Doğasever okurum İlhan Düzen’in 15 gün önce çektiği ve kitlesel balık ölümlerini gösteren fotoğraflar, Nilüfer’deki zehirlenmenin tüm canlıları yok edecek boyuta ulaştığını, acı veren karelerle gözler önüne seriyor.
Bursa Uludağ Üniversitesi Ziraat Fakültesi Toprak Bilim ve Bitki Besleme Bölümü Öğretim Üyesi Prof. Dr. Barış Bülent Aşık ise, Nilüfer gerçeğini şöyle özetliyor:
“Nilüfer Çayı Uludağ’ın 2 bin metre rakımından doğup Bursa’ya batı bölümünden girdikten sonra Bursa Ovası’ndan geçip Karacabey’den Marmara Denizi’ne dökülüyor. Bu esnada yaklaşık 200 kilometrelik yol kat ediyor. Doğduğu yerle döküldüğü yeri kıyasladığımızda, doğduğu yerde birinci sınıf, içme kalitesinde bir su olduğunu görebiliyoruz. Ama bir saatlik yol katettiğinde Nilüfer Çayı’nın tarım alanlarını gezdiği gölgelerde dördüncü sınıf, yani en kalitesiz su olarak tanımladığımız su seviyesine kadar kirlendiğini belirliyoruz.”
Prof. Aşık, kimyasal atıklarla kirlenen Nilüfer Çayı suyunun tarımda kullanılmasının neden olduğu tehlikeyi de şöyle özetliyor:
“Son zamanlarda sağlıklı topraklar, sağlıklı gıdalar çok büyük önem taşıyor. Nilüfer Çayı’nın bu kirli durumuyla, sulamada kullanıldığı takdirde, sulanan topraklarda yetiştirilen ürünlerin de ne kadar sağlıklı ve kaliteli olacağıyla ilgili de tereddütlerimiz var. ‘Sağlıklı gıdalar sağlıklı topraklarda yetişir’ diye bir slogan var. Bu bölge, tarım ürünlerini yurt dışına yoğun olarak satan bir bölge. Dolayısıyla Nilüfer Çayı bu şekilde akmaya devam ederse, ekonomi açısından da üretici açısından da sıkıntının ortaya çıkacağı bir gerçektir. Buna karşı da tedbir almamız gerekiyor...”

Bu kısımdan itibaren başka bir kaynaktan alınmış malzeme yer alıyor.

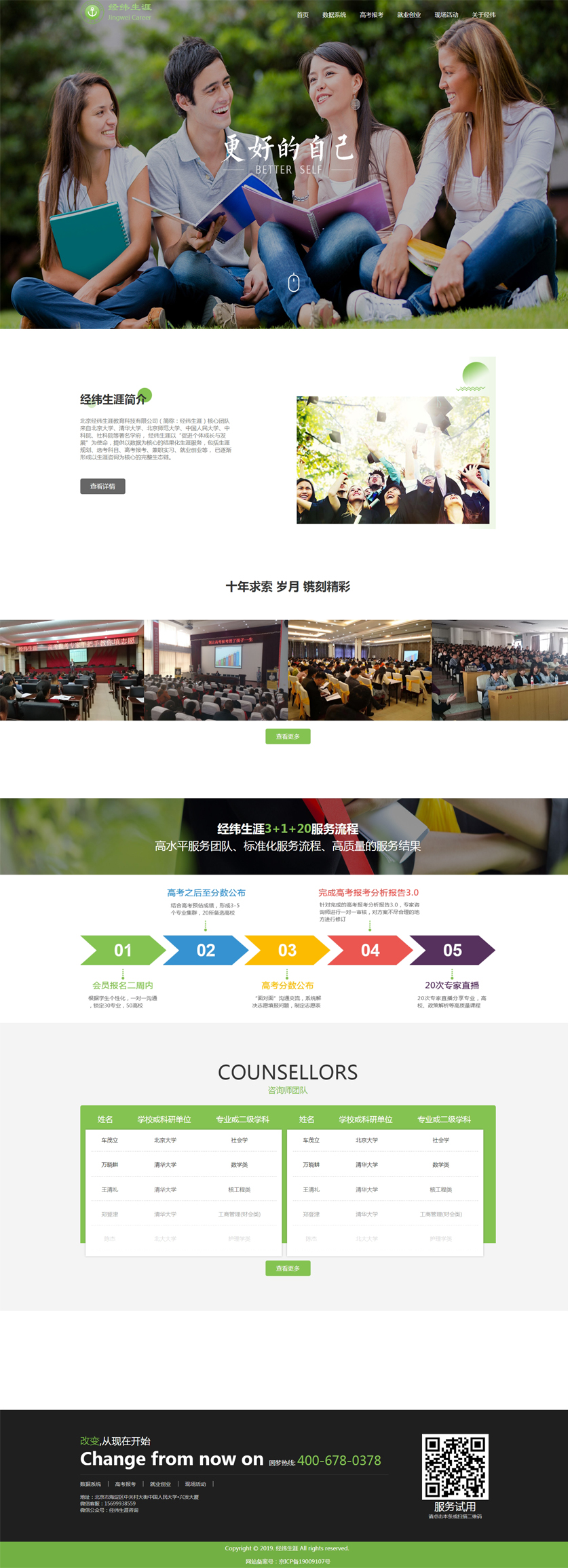 Project Description 北京经纬生涯教育科技有限公司(简称:经纬生涯)核心团队来自北京大学、清华大学、北京师范大学、中国人民大学、中科院、社科院等著名学府, 经纬生涯以“促进个体成长与发展”为使命,提供以数据为核心的结果化生涯服务,包括生涯规划、选考科目、高考报考、兼职实习、就业创业等, 已逐渐形成以生涯咨询为核心的完整生态链。 Official website address 保山http://www.jingweishengya.com/ I want to share
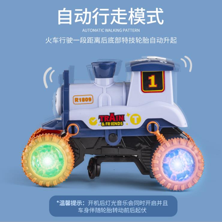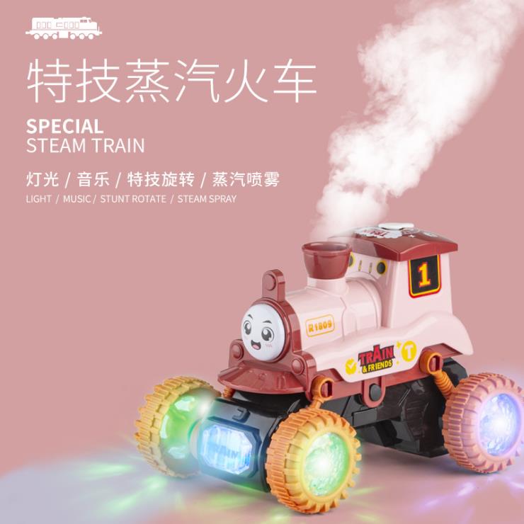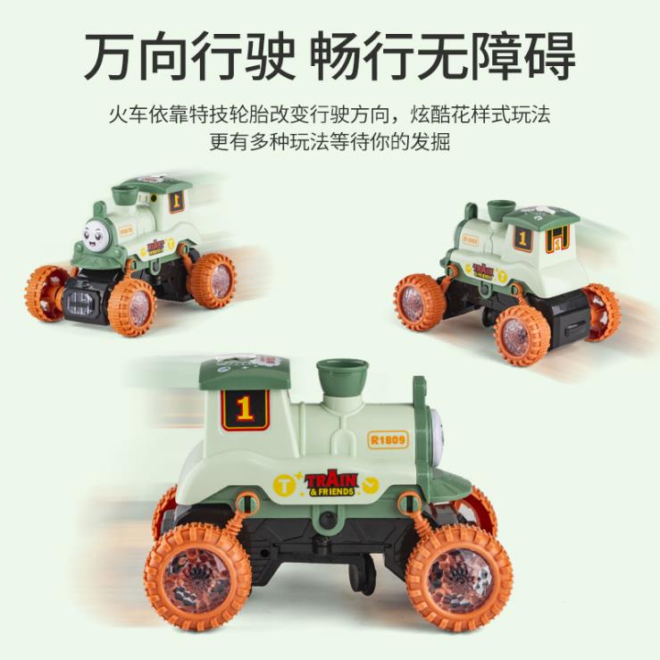 Stunt steam train smoke children's electric rollover car with sound and movement singing and dancing toy boys and girls
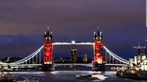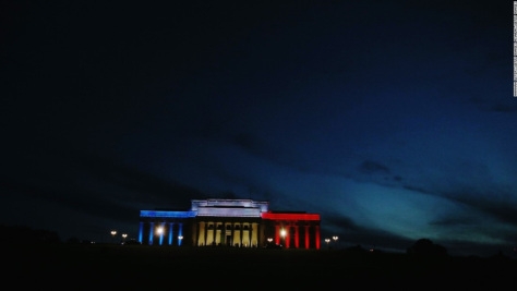 Опубликован список знаковых архитектурных сооружений, которые в знак траура и в поддержку семей погибших во время терактов в Париже были «перекрашены» при помощи подсветки в цвета французского флага. Это Тауэрский мост (Лондон), Бранденбургские ворота (Берлин), Центр всемирной торговли (Нью-Йорк), Восточная Жемчужная башня (Шанхай), Королевский дворец в Казерте (Италия), стадион Friends Arena (Стокгольм), здание Сената (Мехико), башня «Калгари», небоскреб Taipei 101 (Тайбэй), музей Окленда.

Peki, tedbir nasıl alınacak, Nilüfer nasıl temizlenecek?
Bu kolayca çözülebilecek bir sorun değil. Bursa Büyükşehir Belediye Başkanlığı, Çevre, Şehircilik ve İklim Değişikliği Bakanlığı ve DSİ başta
olmak üzere ilgili tüm kurumların ortak bir eylem planı oluşturmaları ve zaman yitirmeden,
can çekişen Nilüfer’i hayata döndürmeleri gerekiyor.